2. Transpose the Date column into row. Use [melt function() on pandas](https://pandas.pydata.org/pandas-docs/stable/generated/pandas.melt.html). Note:  We need not to show the date column on the table; it is only being used to transpose the date column into row.
3. Sum the steps in each day of week. Use [groupby() function](https://pandas.pydata.org/pandas-docs/stable/generated/pandas.DataFrame.groupby.html) and [sum() function](https://pandas.pydata.org/pandas-docs/stable/generated/pandas.DataFrame.sum.html) to summarize the total steps by day of week.
4. Sort the total steps in descending order.
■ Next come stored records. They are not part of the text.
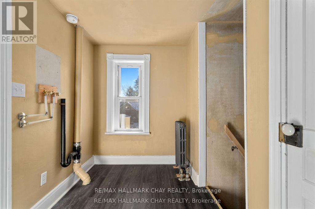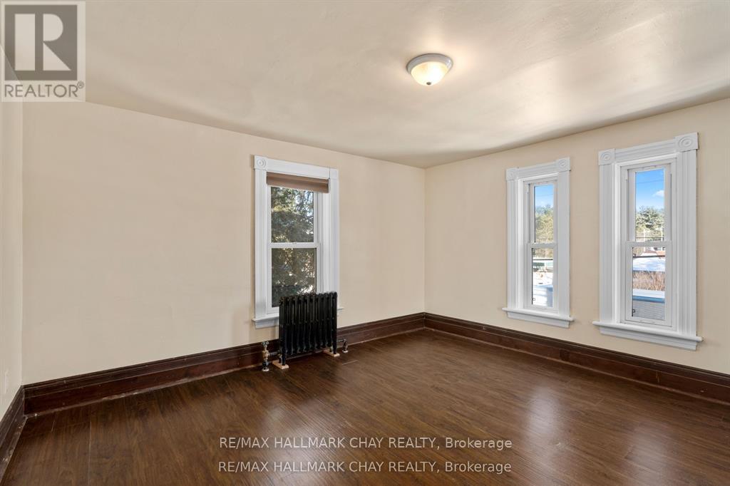 Welcome to the Davenport House. This beautiful century custom builders home will call you with it's unique custom finishes. The wrap around covered porch, original craftsman front door with stained glass. Custom wood work staircase, balusters and under staircase storage wood panels. Crown molding, 9 inch baseboards and wood detail custom ceiling. Classic century style with 2 separate stair cases. Kitchen offers the original Tin ceiling a walkout to side deck and a back 3 season den and enclosed storage room and back staircase to the upper level. Pantry/laundry room off kitchen. Separate dining room and living room. Main floor generous sized bathroom in addition to the upstairs full bathroom. Upper sunroom with walkout to the balcony. This home offers 3 upper bedrooms. This is an extremely well maintained century home. Updated gas hot water tank, updated copper electrical 200 amp breaker panel. Updated plumbing, basement walls have spray foam insulation and new septic. All exterior walls have been insulated. Most windows are updated, roof in in good condition. Heating cost is very efficient with the concrete exterior walls and added insulation. Outdoor structure a detached smaller barn and garden shed. Close hwy access 15 min from Barrie. Located across the road from a park. Close to skiing, golf, hiking and snowmobiling. (id:64974)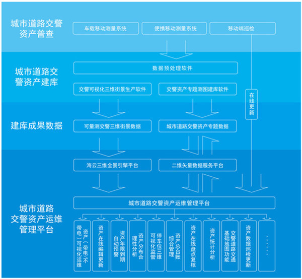 从城市道路交警资产设施的数据采集生产,到可视化交警资产运维管理平台建设,海达数云为用户提供一体化的解决方案,总体技术线路如下图所示: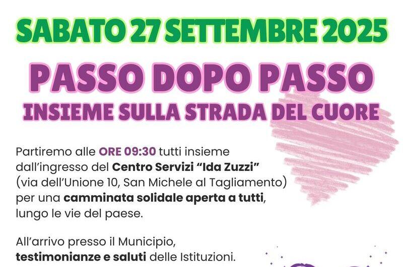 Per “non dimenticare chi dimentica”, sabato 27 settembre sarà possibile prendere parte a “Passo dopo passo, insieme sulla strada del cuore”, una camminata solidale per le vie del centro di San Michele al Tagliamento in compagnia degli ospiti della Casa di Riposo “Ida Zuzzi”, dei loro familiari e degli operatori, con partenza alle 09:30 proprio dalla sede della struttura residenziale, in via dell’Unione 10.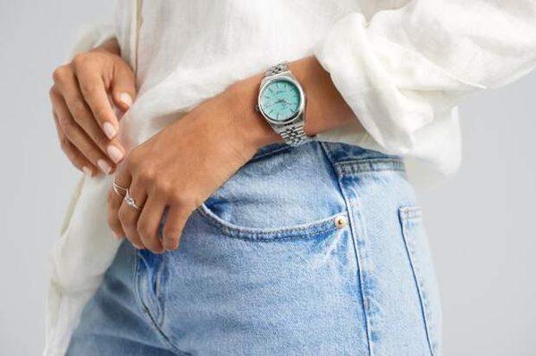 Ocelové pouzdro o průměru 36 mm je opatřeno leštěnou a kartáčovanou povrchovou úpravou. Azurově modrý číselník je podkladem pro štíhlé ručky a indexy v barvě pouzdra. Nepřehlédnutelným prvkem tohoho dámského modelu je unikátní ukazatel dne v týdnu na pozici 12. hodiny. Vše chrání tvrzené minerální sklíčko.

Use [sort_values() function](https://pandas.pydata.org/pandas-docs/stable/generated/pandas.DataFrame.sort_values.html).
5. Plot the dataframe as pie chart using [plot.pie() function](https://pandas.pydata.org/pandas-docs/version/0.18/generated/pandas.DataFrame.plot.pie.html).

In [None]:
#Step 2
piedf = pd.melt(bl2018, id_vars=["team_name"], value_vars=date_col)
piedf.columns = ["Team Name", "Date", "Total Steps"]

#Step 3
piedf = piedf.groupby("Team Name").sum()

#Step 4
piedf = piedf.sort_values(by=["Total Steps"], ascending=[False])

piedf

In [None]:
#Step 5
piedf.plot.pie(y="Total Steps", legend=False, autopct='%.2f')